Maybe when a certain amount of any given Aspect is harvested, it spawns a super mob of that type somewhere in the world–in the lane, or a protected jungle niche. Maybe that super mob has some specific advantage when you kill it. Maybe the super mob in the center creates defenders of every aspect in play when attacked–dangerous to fight, but also, a source of all resource types. Maybe the center-field super mob is its own independent Patron with its own personality, with quests that or something else to give you. Maybe the aspected mobs are only jungle mobs to start with, and you have to purchase getting Aspected lane mobs–it helps you push, but it also gives the enemy more access to your type. Maybe you can keep purchasing new lane mob types with all of the different aspected energies that you get from killing the enemy or grinding on your side, until you have all of them. Maybe you can upgrade them into super lane mobs when you have enough.

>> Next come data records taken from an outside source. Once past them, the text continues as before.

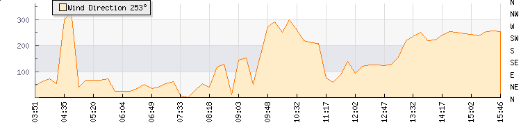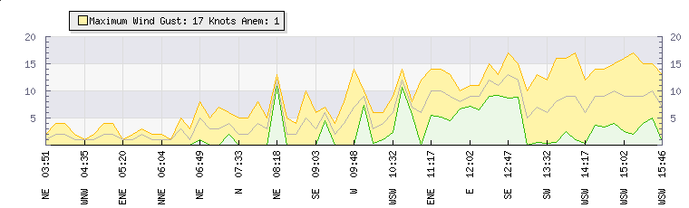 In the last few minutes the wind was South Westerly at an average speed of 9 knots, reaching up to 16 knots and a low of 2 knots. The gust strength is14 knots above the minimum speed |
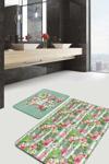 RealHomes Pembe Flamingo Ve Yeşil Yapraklı Tropikal Desenli 2'Li Kaymaz Taban Yıkanabilir Banyo Paspas Takımı
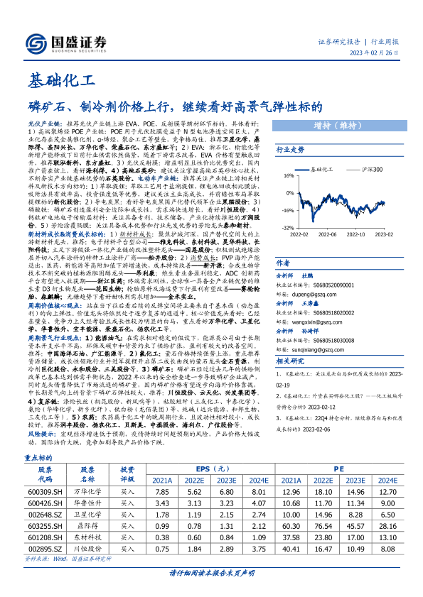 【国盛证券】【20230226】基础化工行业周报:磷矿石、制冷剂价格上行,继续看好高景气弹性标的-16页

There are so many things to play with–and so you understand why I talked about Deadlock as a “dead-end”. The way it’s designed right now… what does it inspire? What comes next? Sure you can always invent new characters, and sure you can design a new map if you want, but… what is there to be excited about? What is there to think about, especially for those of us less interested in spreadsheets full of damage numbers? What’s around the corner?
For now…
Maybe they have answers to some of these things already, and they’re just not ready to reveal it now. I’m just some guy, I don’t claim to know. And even if they took inspiration from my ideas, I’m sure it wouldn’t happen right away; it’d take work to change the game’s base code like that. But I’d like to see it. I’d like something more interesting than what we are shown today.
It can be done. But a lot of things can be done. I’m not sure I’d believe that they’re just sitting around saying “Man I wish someone would give us a workable foundation to turn this into something better.” I’m sure they have people with ideas.
I hope those ideas are good. I know it’s early yet but… right now, what they have just isn’t good enough.